------ Data ------
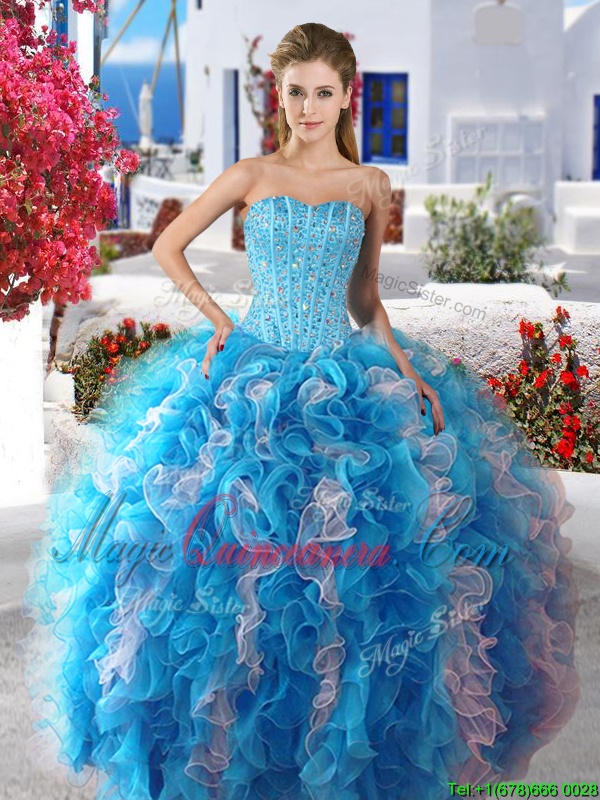 Stunning Three Piece Sweetheart Sleeveless Organza Quinceanera Dress Beading Lace Up
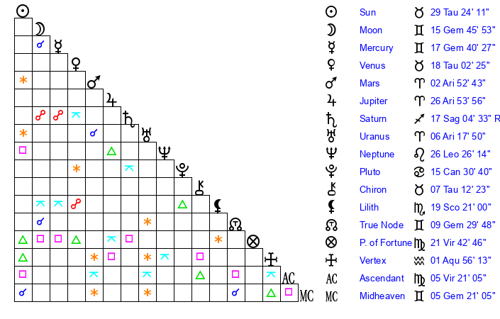| Moon | 15 Gemini 46 | 2 Pisces 27 | 28 Sagittarius 0 |
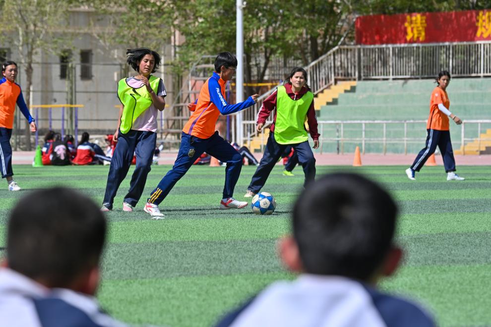这是在新疆克孜勒苏柯尔克孜自治州阿图什市硝鲁克中学,阿图什市U13女子足球队球员在训练中进行分组比赛(4月10日摄)。
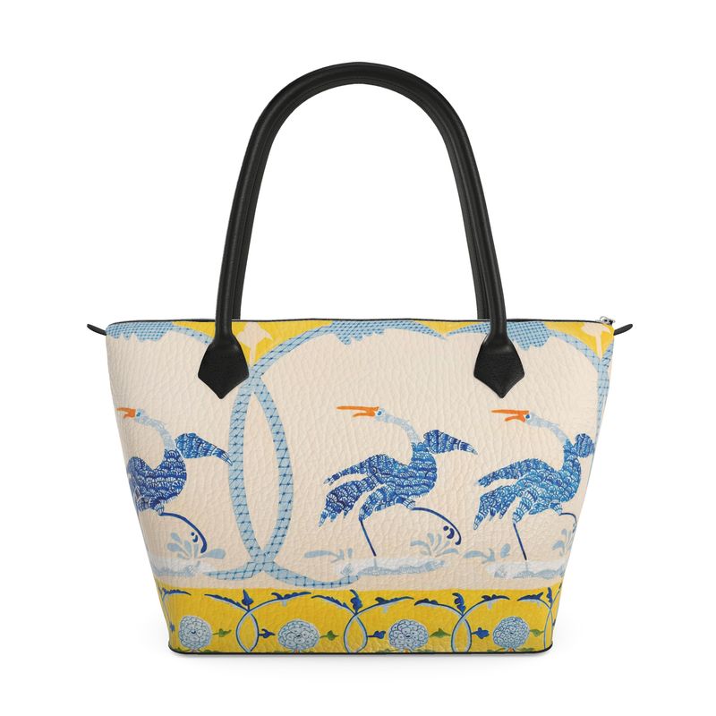 Printed directly onto luxurious Nappa leather, the bag’s artwork maintains the painterly texture and depth of the original. With its structured silhouette, fine stitching, and soft leather handles, this tote is both statement and staple: a work of art designed to move with you.
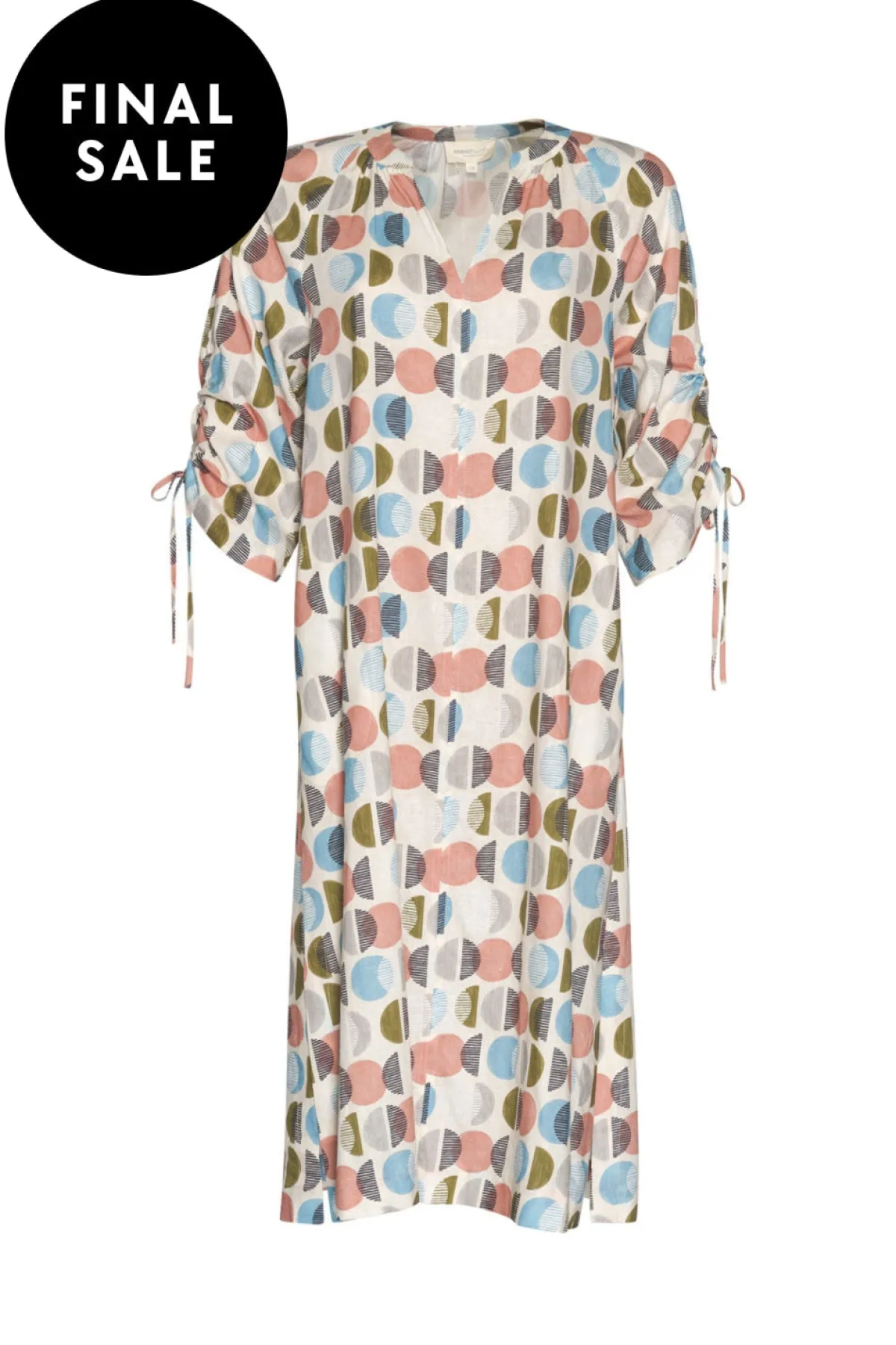 A-line midi dress with a V-neckline and 3/4 sleeves that can be ruched and tied, with stitched down side pockets and side splits.
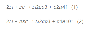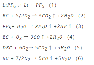 鋰離子電池電解液一般由LiPF6或其他電解質鋰鹽與DMC、DEC、EC有機溶劑混合組成。以下是當前主流商業電解質(LiPF6+EC+DEC)的分解反應方程:
------
**Instructions to follow**: When you return the records, keep every word unchanged and drop the pictures.

**Final answer**:
 Stunning Three Piece Sweetheart Sleeveless Organza Quinceanera Dress Beading Lace Up
| Moon | 15 Gemini 46 | 2 Pisces 27 | 28 Sagittarius 0 |
这是在新疆克孜勒苏柯尔克孜自治州阿图什市硝鲁克中学,阿图什市U13女子足球队球员在训练中进行分组比赛(4月10日摄)。
 Printed directly onto luxurious Nappa leather, the bag’s artwork maintains the painterly texture and depth of the original. With its structured silhouette, fine stitching, and soft leather handles, this tote is both statement and staple: a work of art designed to move with you.
 A-line midi dress with a V-neckline and 3/4 sleeves that can be ruched and tied, with stitched down side pockets and side splits.
 鋰離子電池電解液一般由LiPF6或其他電解質鋰鹽與DMC、DEC、EC有機溶劑混合組成。以下是當前主流商業電解質(LiPF6+EC+DEC)的分解反應方程:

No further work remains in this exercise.